• ACTION ITEM
Write out each line of the material exactly as given, and drop the images.

• INFORMATION PROVIDED
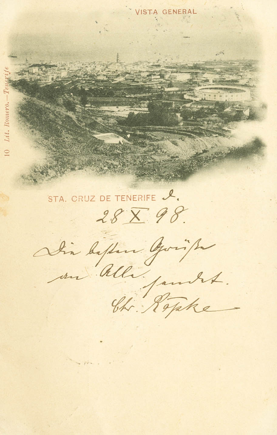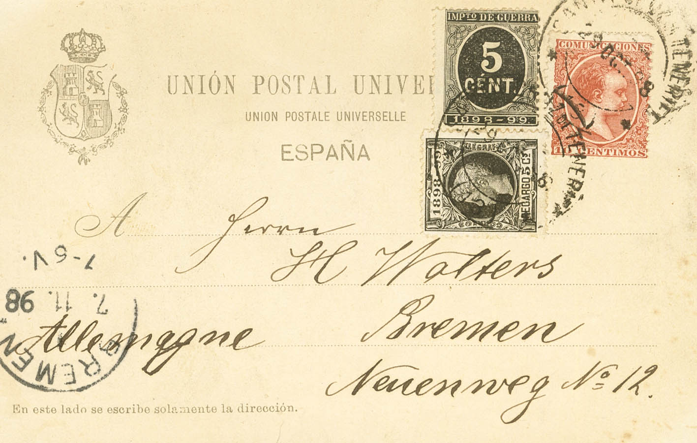 217, 236, 240. 1898. 10 yellow chestnut cts and two black 5 cts War Tax stamps (different issues). Postcard from SANTA CRUZ DE TENERIFE to BREBEN (GERMANY). The War Tax stamps were not valid on correspondence abroad, but since it was correctly franked with 10 cts (according to the April 1888 rate), it was not valued. MAGNIFICENT AND RARE.
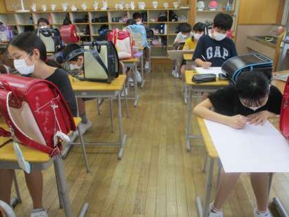 図画工作科の時間に、自分のランドセルの絵を描いています。
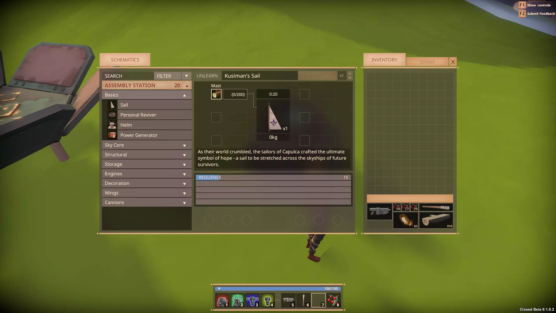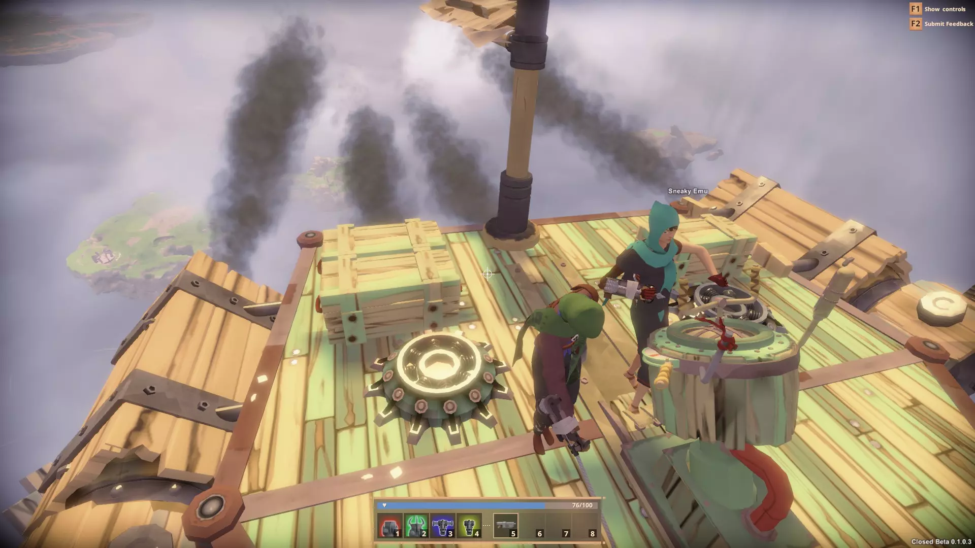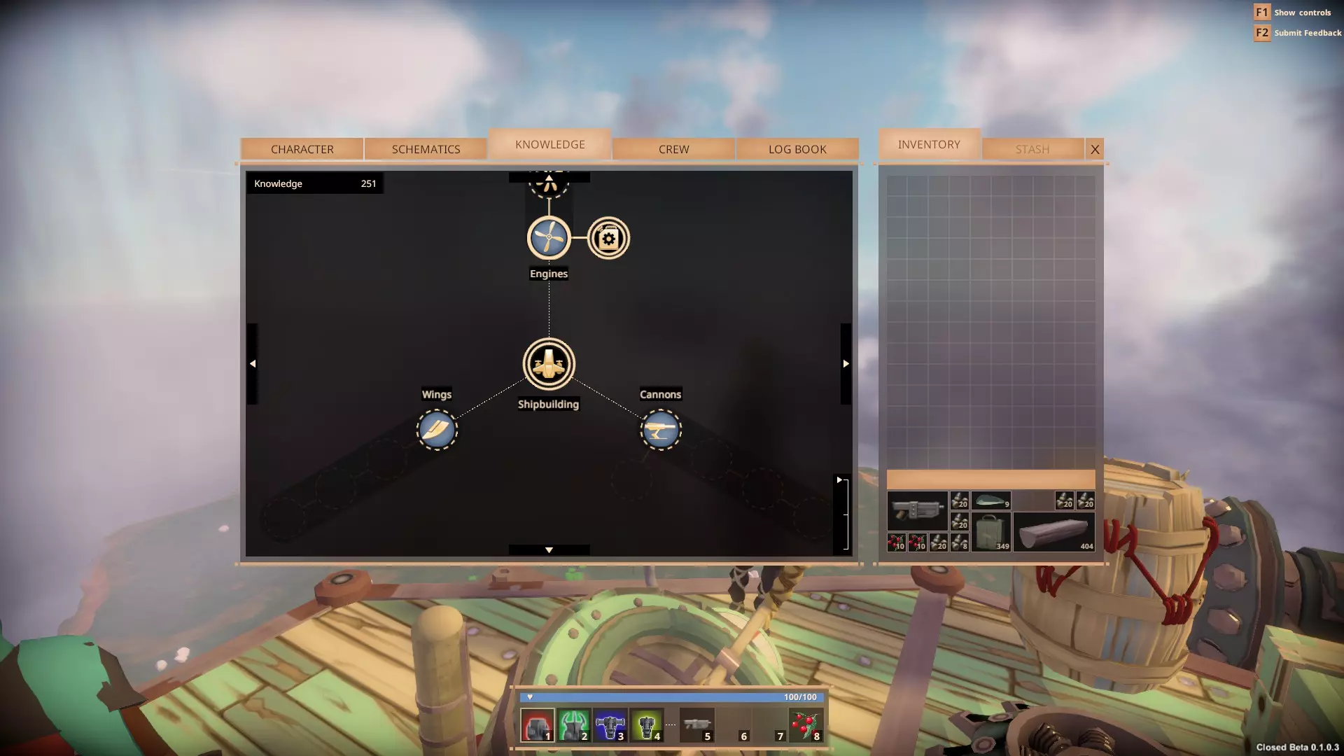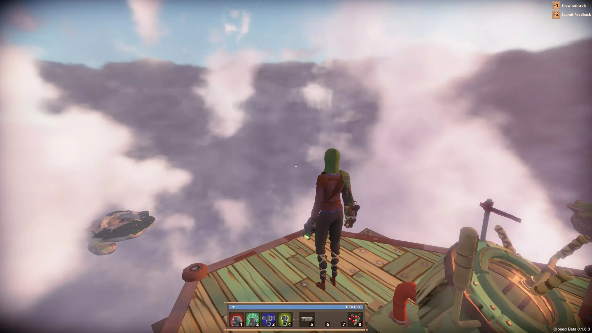 警告! 若你不够谨慎,你的飞船可能会被偷走。若你疏忽大意,你的战利品可能会被夺走。 在造船厂使用打捞工具可能会导致保护穹顶降下,此时任何人都可以劫持你的飞船并为所欲为。 2. 从何处开始 - 角色标签页 游戏的 controls 起初会有些别扭。你拥有标准移动方式,但很大一部分移动将由抓钩控制,为你的移动增添了第三维度。这需要一点时间来适应,但经过几次失误后,你将能轻松开采岛屿底部的矿石,或登上飞船并在桅杆间荡来荡去。 除非你做过调查(目前相关资料并不多),否则初次开始游戏时,你会完全不知道该做什么。先从学习操作开始。你的【抓钩】将是你的救命稻草,无论是误操作从船上掉落到下方空无一物的地方,还是遭遇一两个海盗袭击需要逃跑时,抓钩都是你主要的移动方式。 在这款游戏中,你的目标是收集足够的材料来建造自己的飞船,然后飞向天空进行探索。要做到这一点,你需要三种基本资源:木材、金属和知识。 木材和金属都有品质和重量之分。 品质越高,为你制作的部件提供的属性就越好。 它们有轻量、重型等不同类型,还有介于两者之间的各种情况。你用来建造飞船的木材类型,会对飞船的重量、生命值、移动速度、转向速度等产生巨大影响。知识是需要收集的最重要资源。没有知识,你就无法推进游戏进程,就是这么简单。我稍后会讲讲如何获取知识。 每艘船都有一定的载重上限,初始载重为1000千克。要提升载重,你需要穿过第一道风墙,收集蓝图以解锁新的【Atlas】部件。

• RESPONSE
 217, 236, 240. 1898. 10 yellow chestnut cts and two black 5 cts War Tax stamps (different issues). Postcard from SANTA CRUZ DE TENERIFE to BREBEN (GERMANY). The War Tax stamps were not valid on correspondence abroad, but since it was correctly franked with 10 cts (according to the April 1888 rate), it was not valued. MAGNIFICENT AND RARE.
 図画工作科の時間に、自分のランドセルの絵を描いています。
 警告! 若你不够谨慎,你的飞船可能会被偷走。若你疏忽大意,你的战利品可能会被夺走。 在造船厂使用打捞工具可能会导致保护穹顶降下,此时任何人都可以劫持你的飞船并为所欲为。 2. 从何处开始 - 角色标签页 游戏的 controls 起初会有些别扭。你拥有标准移动方式,但很大一部分移动将由抓钩控制,为你的移动增添了第三维度。这需要一点时间来适应,但经过几次失误后,你将能轻松开采岛屿底部的矿石,或登上飞船并在桅杆间荡来荡去。 除非你做过调查(目前相关资料并不多),否则初次开始游戏时,你会完全不知道该做什么。先从学习操作开始。你的【抓钩】将是你的救命稻草,无论是误操作从船上掉落到下方空无一物的地方,还是遭遇一两个海盗袭击需要逃跑时,抓钩都是你主要的移动方式。 在这款游戏中,你的目标是收集足够的材料来建造自己的飞船,然后飞向天空进行探索。要做到这一点,你需要三种基本资源:木材、金属和知识。 木材和金属都有品质和重量之分。 品质越高,为你制作的部件提供的属性就越好。 它们有轻量、重型等不同类型,还有介于两者之间的各种情况。你用来建造飞船的木材类型,会对飞船的重量、生命值、移动速度、转向速度等产生巨大影响。知识是需要收集的最重要资源。没有知识,你就无法推进游戏进程,就是这么简单。我稍后会讲讲如何获取知识。 每艘船都有一定的载重上限,初始载重为1000千克。要提升载重,你需要穿过第一道风墙,收集蓝图以解锁新的【Atlas】部件。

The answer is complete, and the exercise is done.